Action item >> Using the entries below, write out the line with "Create a flattering", the line with "2026 Spring &", and every line in between, exactly as each is written.

Input material >>
================================

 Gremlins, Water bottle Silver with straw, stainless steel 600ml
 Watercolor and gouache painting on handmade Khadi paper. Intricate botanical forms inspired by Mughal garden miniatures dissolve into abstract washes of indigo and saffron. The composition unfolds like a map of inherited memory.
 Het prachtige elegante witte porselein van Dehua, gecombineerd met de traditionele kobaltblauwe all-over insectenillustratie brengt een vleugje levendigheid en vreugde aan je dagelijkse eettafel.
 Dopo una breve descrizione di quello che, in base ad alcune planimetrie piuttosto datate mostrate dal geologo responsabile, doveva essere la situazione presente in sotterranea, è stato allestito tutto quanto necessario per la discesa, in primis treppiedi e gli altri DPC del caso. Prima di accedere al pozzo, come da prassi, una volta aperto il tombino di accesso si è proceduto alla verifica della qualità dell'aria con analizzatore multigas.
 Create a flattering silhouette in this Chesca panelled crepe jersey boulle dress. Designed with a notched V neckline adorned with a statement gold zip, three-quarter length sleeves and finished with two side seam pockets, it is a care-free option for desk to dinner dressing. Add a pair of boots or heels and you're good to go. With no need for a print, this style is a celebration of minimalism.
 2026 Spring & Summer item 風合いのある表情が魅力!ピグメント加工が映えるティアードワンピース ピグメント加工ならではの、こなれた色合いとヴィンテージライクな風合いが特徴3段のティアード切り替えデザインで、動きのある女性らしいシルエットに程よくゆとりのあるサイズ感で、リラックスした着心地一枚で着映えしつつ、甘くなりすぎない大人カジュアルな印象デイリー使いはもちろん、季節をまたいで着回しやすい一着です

================================

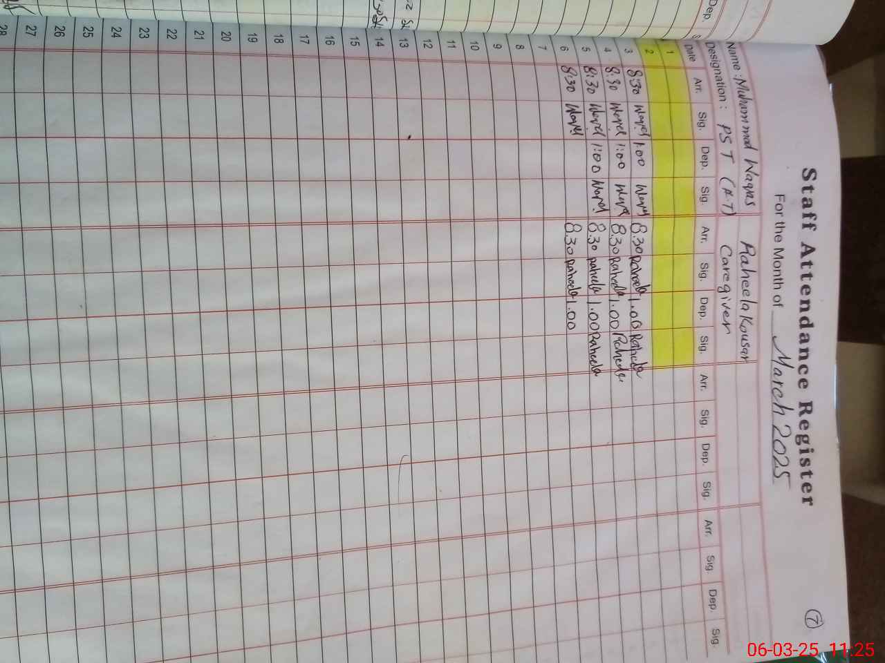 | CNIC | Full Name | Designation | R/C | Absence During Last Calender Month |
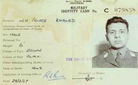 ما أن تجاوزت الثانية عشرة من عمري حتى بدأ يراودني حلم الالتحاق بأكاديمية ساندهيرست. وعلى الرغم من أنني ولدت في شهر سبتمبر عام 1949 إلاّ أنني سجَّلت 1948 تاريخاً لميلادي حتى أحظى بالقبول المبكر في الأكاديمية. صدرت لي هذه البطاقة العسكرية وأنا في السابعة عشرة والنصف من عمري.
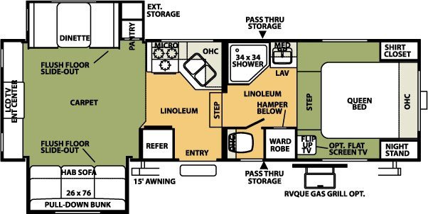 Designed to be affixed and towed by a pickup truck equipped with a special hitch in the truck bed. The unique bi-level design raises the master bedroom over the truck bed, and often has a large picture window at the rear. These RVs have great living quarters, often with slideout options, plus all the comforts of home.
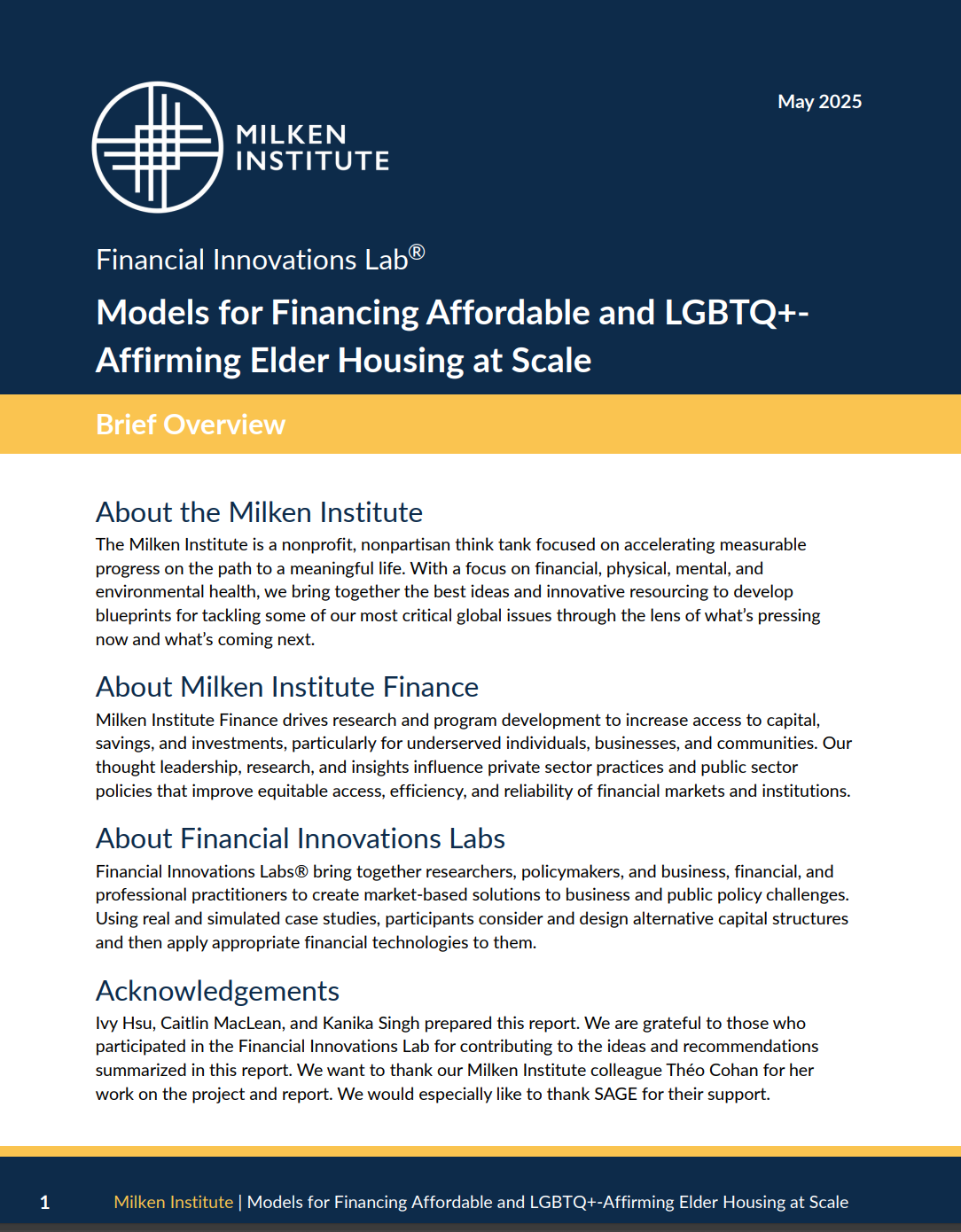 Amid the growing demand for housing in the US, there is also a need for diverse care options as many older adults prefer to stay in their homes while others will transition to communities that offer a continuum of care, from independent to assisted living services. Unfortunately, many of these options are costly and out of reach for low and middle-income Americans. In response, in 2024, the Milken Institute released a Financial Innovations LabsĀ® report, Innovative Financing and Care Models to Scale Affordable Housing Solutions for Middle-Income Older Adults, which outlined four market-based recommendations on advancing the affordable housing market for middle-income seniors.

================================

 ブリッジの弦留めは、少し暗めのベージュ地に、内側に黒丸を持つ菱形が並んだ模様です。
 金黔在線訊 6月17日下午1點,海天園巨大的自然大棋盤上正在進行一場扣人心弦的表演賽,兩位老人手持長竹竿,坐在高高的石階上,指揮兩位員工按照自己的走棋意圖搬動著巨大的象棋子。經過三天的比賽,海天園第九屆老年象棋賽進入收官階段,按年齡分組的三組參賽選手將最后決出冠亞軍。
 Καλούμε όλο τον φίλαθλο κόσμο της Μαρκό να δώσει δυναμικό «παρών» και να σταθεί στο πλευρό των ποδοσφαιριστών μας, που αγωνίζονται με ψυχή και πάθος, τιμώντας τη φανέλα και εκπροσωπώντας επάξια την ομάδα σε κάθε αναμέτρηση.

================================

Finished exercise >>
 Create a flattering silhouette in this Chesca panelled crepe jersey boulle dress. Designed with a notched V neckline adorned with a statement gold zip, three-quarter length sleeves and finished with two side seam pockets, it is a care-free option for desk to dinner dressing. Add a pair of boots or heels and you're good to go. With no need for a print, this style is a celebration of minimalism.
 2026 Spring & Summer item 風合いのある表情が魅力!ピグメント加工が映えるティアードワンピース ピグメント加工ならではの、こなれた色合いとヴィンテージライクな風合いが特徴3段のティアード切り替えデザインで、動きのある女性らしいシルエットに程よくゆとりのあるサイズ感で、リラックスした着心地一枚で着映えしつつ、甘くなりすぎない大人カジュアルな印象デイリー使いはもちろん、季節をまたいで着回しやすい一着です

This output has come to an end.